- Founded: 1820
- Dissolved: 1930s
- Merged into: Progressive Liberal Party (faction) Unionist Party (faction)
- Ideology: Liberalism; Laissez-faire; Anti-clericalism;

= Liberal Party (Guatemala) =

The Liberal Party (Partido Liberal, PL) was a political party in Guatemala.

==History==
The party originated in the pre-independence Cacos group, who were in favour of a free market economic system. It became the ruling party of the Federal Republic of Central America in 1830 when Francisco Morazán became president. However, a civil war led to the dissolution of the federation and the Conservative Party taking power in Guatemala.

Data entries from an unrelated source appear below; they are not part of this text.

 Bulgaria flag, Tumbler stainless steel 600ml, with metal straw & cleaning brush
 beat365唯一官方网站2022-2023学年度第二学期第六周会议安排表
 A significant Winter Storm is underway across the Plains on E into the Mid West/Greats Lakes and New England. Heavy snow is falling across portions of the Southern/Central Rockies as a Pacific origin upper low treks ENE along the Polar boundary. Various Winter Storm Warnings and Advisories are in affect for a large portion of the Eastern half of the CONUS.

In 1871, the Liberal Party returned to power when Miguel García Granados became president. A series of Liberal presidents followed, including Manuel Estrada Cabrera, who ruled from 1889 until 1920 when Congress declared him insane, and elected the Unionist Party's Carlos Herrera as his replacement. The Unionist Party was formed by both former conservatives and liberals.

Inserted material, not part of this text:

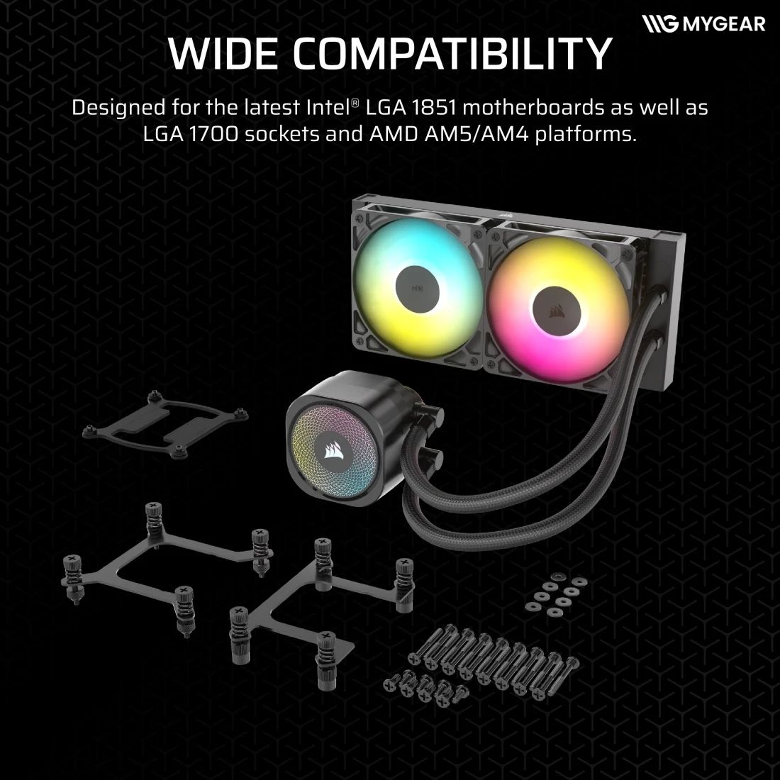 Corsair Nautilus 240 RS ARGB hỗ trợ hầu hết các socket CPU phổ biến hiện nay bao gồm Intel LGA 1700, 1851 và AMD AM5, AM4. Nhờ đó, bạn có thể dễ dàng lắp đặt tản vào các hệ thống mới nhất sử dụng vi xử lý CPU Intel Gen 12/13/14 hoặc CPU AMD Ryzen 5000/7000 mà không cần mua thêm phụ kiện. Đây là ưu điểm lớn giúp tiết kiệm thời gian, chi phí khi nâng cấp.

However, the party regained power in 1921 when José María Orellana removed President Carlos Herrera from office. Orellana was formally elected President the following year. The Liberals won all 69 seats in the 1923 Congressional elections, with the result repeated in 1925. In 1926, the Unionist Party led by Lázaro Chacón González regained power but was replaced in 1931 by the candidate of the Liberal–Progressive Liberal candidate Jorge Ubico.